Сквозь поляризованное стекло окон смутно виднелись очертания автомобилей. До города было миль двадцать. Реми надеялась, что они поедут через джунгли.
Но вот голос папа́ зазвучал в коридоре. Реми отпрянула от дверей, прижалась к стене.
Марвелл протопал мимо. Он был одет по-домашнему — светлый пиджак, футболка, широкие брюки, сандалии. Папа́ подмигнул Реми, а та взмахнула в ответ рукой. Верный пес, телохранитель Пасадель сурово поглядел на дочь шефа: он реагировал на резкие движения рефлекторно.
Реми пропустила Грезу, пристроилась рядышком с О’Ливи. Для солидности взяла его за локоть. О’Ливи ей немного нравился. Как-никак писатель, надежда современной литературы! Если бы он только не продался папа́ за гроши!
Заныла волынка. Гвардейцы в килтах взяли на караул.
Пожилой живчик, сразу видно — пройдоха и скупердяй, кинулся навстречу миллионеру. Реми догадалась, что это и есть губернатор. Уполномоченный представитель Земли в федеральной колонии Сирена. Папа́ протянул ему волосатую лапу, живчик с благоговением посмотрел на пальцы миллионера. Реми испугалась, что губернатор сейчас падет на колени, но обошлось. Они пожали друг другу руки, а потом еще и обнялись.
Марвелла и губернатора сфотографировали. А затем они сошли с дорожки и остановились перед группой молодых людей. О’Ливи деликатно отстранил Реми и подбежал к шефу. Сказал что-то на ухо. Марвелл вдруг дернулся, словно его кнутом стегнули.

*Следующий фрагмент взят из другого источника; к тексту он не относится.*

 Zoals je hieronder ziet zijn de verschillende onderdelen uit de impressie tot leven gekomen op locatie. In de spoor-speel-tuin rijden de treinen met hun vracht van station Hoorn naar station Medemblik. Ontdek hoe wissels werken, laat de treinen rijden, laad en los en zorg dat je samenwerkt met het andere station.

Реми знала, что папа́ не умеет давать интервью и что нелюбовь к репортерам давно переросла в фобию. Но его все-таки взяли в оборот, и старик, который еще не оправился после посадочных перегрузок, не смог выкрутиться. И О’Ливи ничем не помог — убыток, а не пресс-секретарь.
Реми услышала первый вопрос:
— Сетевой канал «Контекс-ком». Впервые бизнесмен вашего уровня отправился в продолжительное космическое путешествие, чтобы принять участие в судьбе отдаленной колонии. Насколько перспективным кажется вам развитие рынка Сирены?

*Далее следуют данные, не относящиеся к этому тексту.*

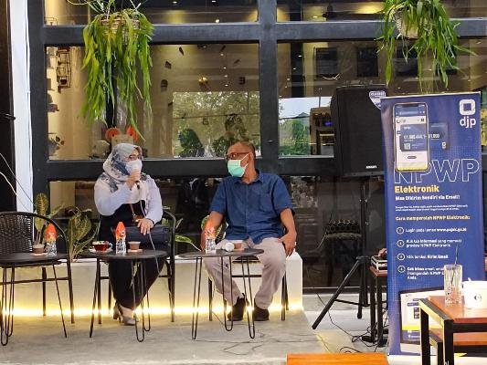 SURABAYAONLINE.CO-Forum Wartawan Sidoarjo (Forwas) menggelar ngopi santai bersama DJP Jatim II di Cafe AMPM Kavling DPRD Sidoarjo, Rabu (24/3/2021). Kegiatan tersebut dihadiri Kabid P2 Humas Takari Yoedaniawati, Kasi Bimbingan penyuluhan
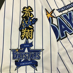 ■横浜DeNAベイスターズ荒波選手のアイロン接着用刺繍ワッペン アイロンにて簡単に接着可能です。 ※写真のユニフォーム・シルエットワッペン、応援歌ワッペン等他の装飾品はついておりません。 ネームワッペンのみとなります。 ※紛失
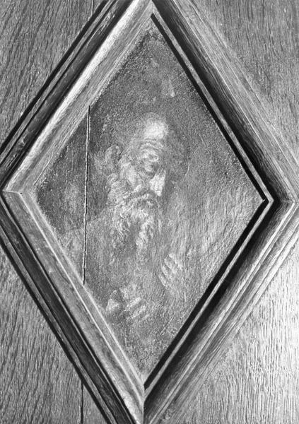 Oeuvre anciennement datée du 18e siècle. Vers 1956, la porte du dosseret, qui était ornée d'un tableau en camaïeu, a disparu. Vers 1960, la peinture en chêne clair, exécutée en 1781 a été décapée.
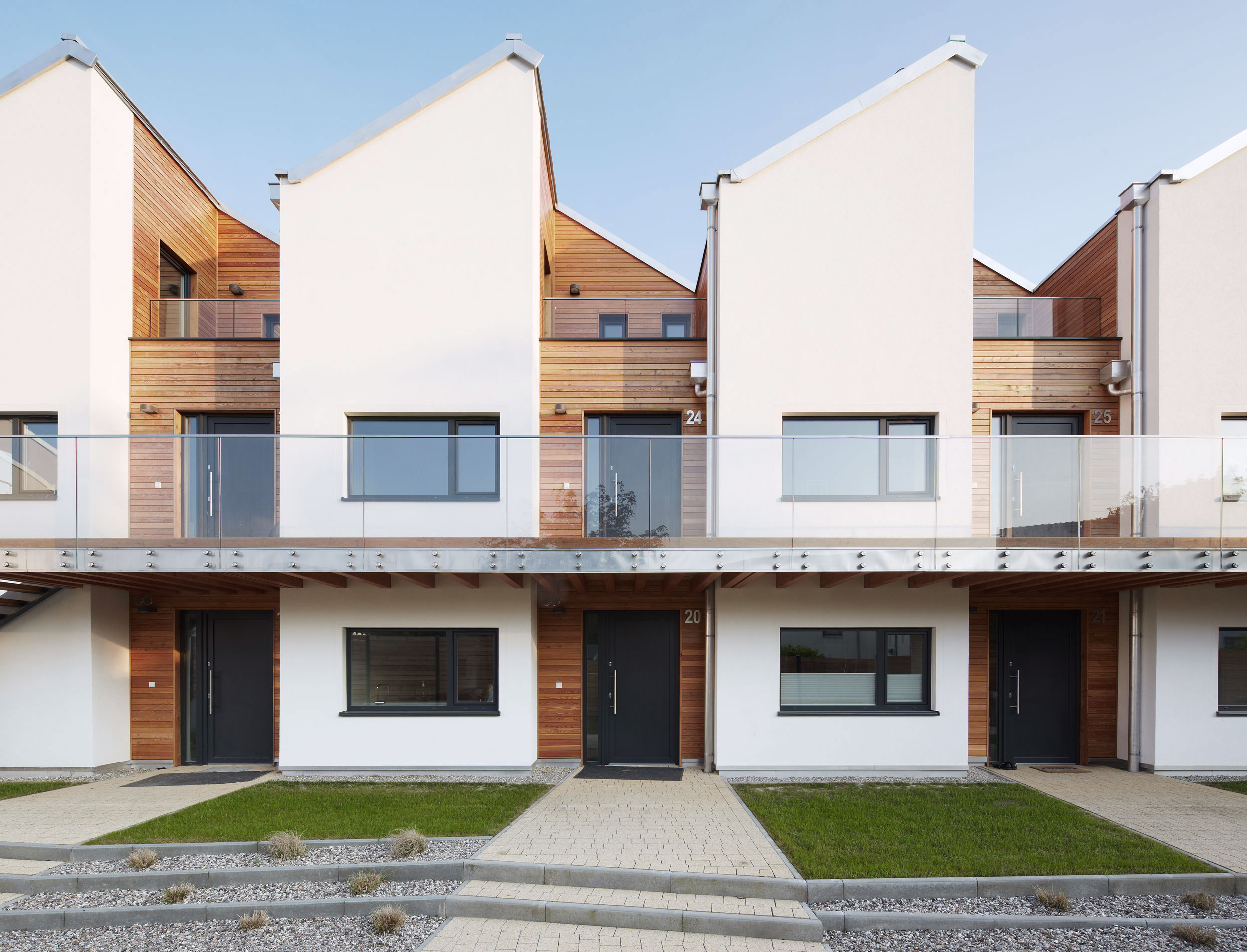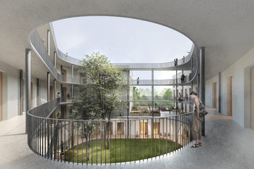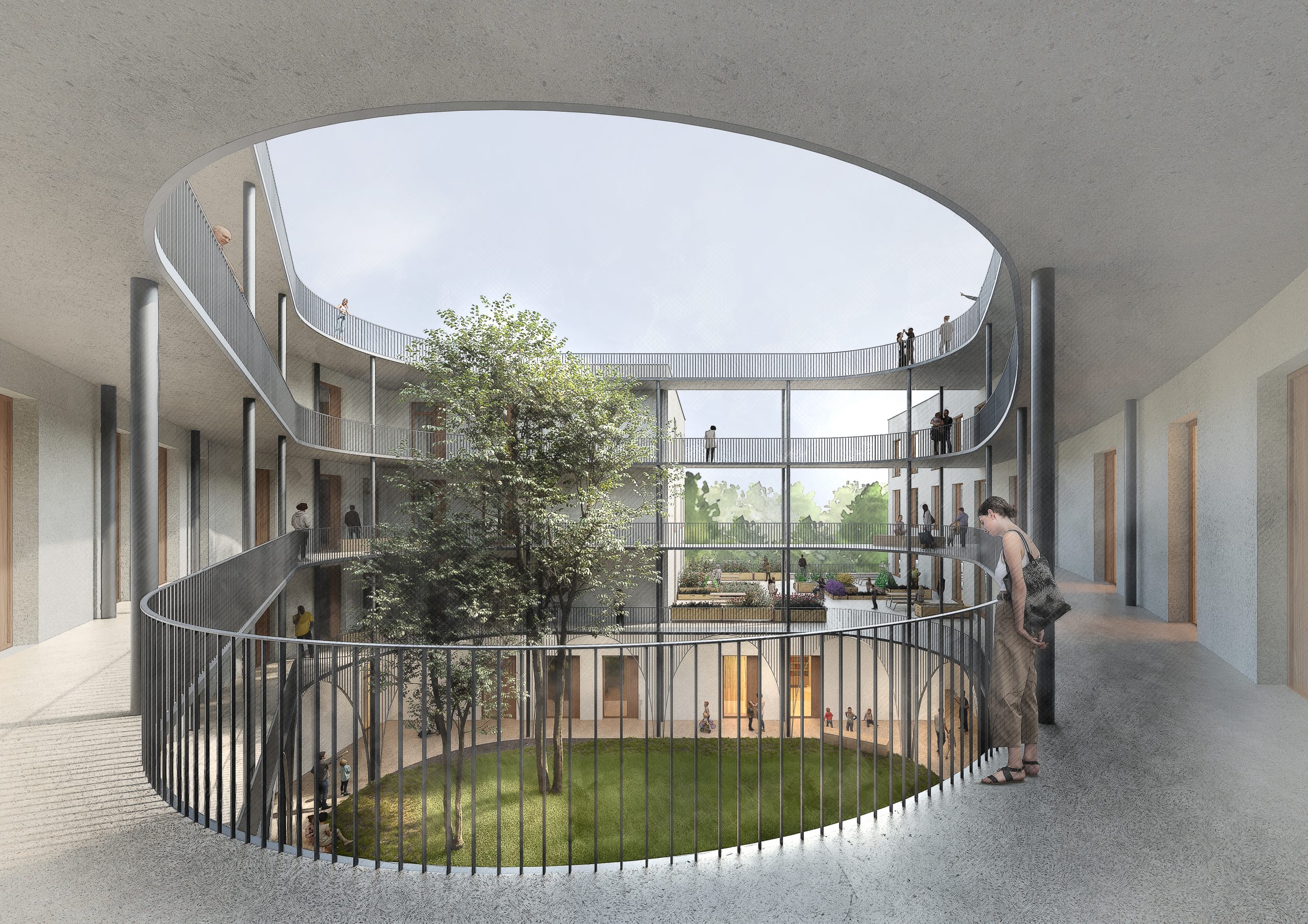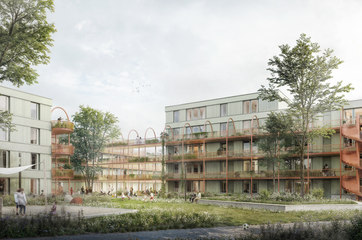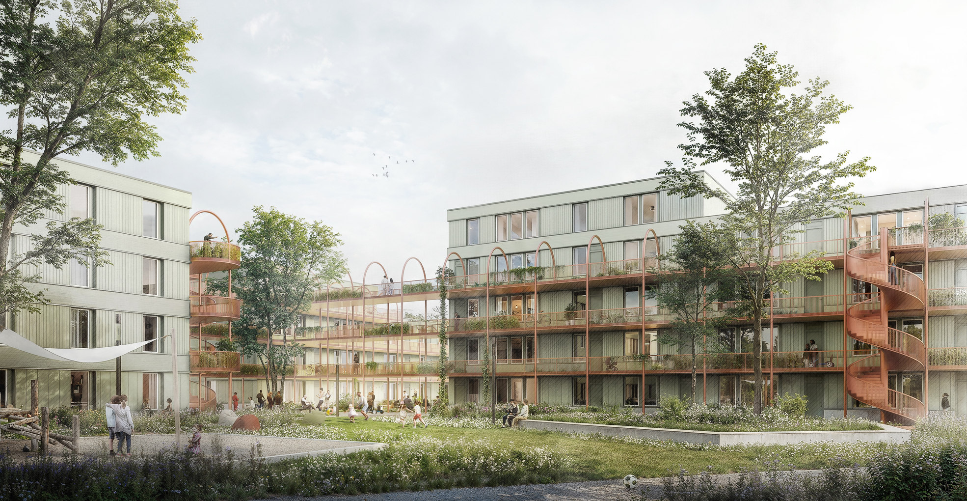 - Maximierte Grünflächen in den Freianlagen, Vielfältige Begrünung der Laubengangstruktur, Gründach zur Förderung der Artenvielfalt und zur Optimierung des Mikroklimas im neuen Quartier

Мистер Марвелл обычно отвечал на вопросы репортеров словно робот, у которого глючит синтезатор речи. Реми поспешила вперед, чтоб не видеть, как вытянутся у журналюг лица и как загорятся в их алчных глазищах задорные огоньки. Хочешь от души посмеяться над толстосумом — вот тебе повод.
— А-а-а… — выдохнул папа́, точно осушил залпом стакан воды. — По поручению промышленной палаты Федерации… — он поглядел на О’Ливи; тот кивнул, одобряя. — По поручению промышленной палаты Федерации…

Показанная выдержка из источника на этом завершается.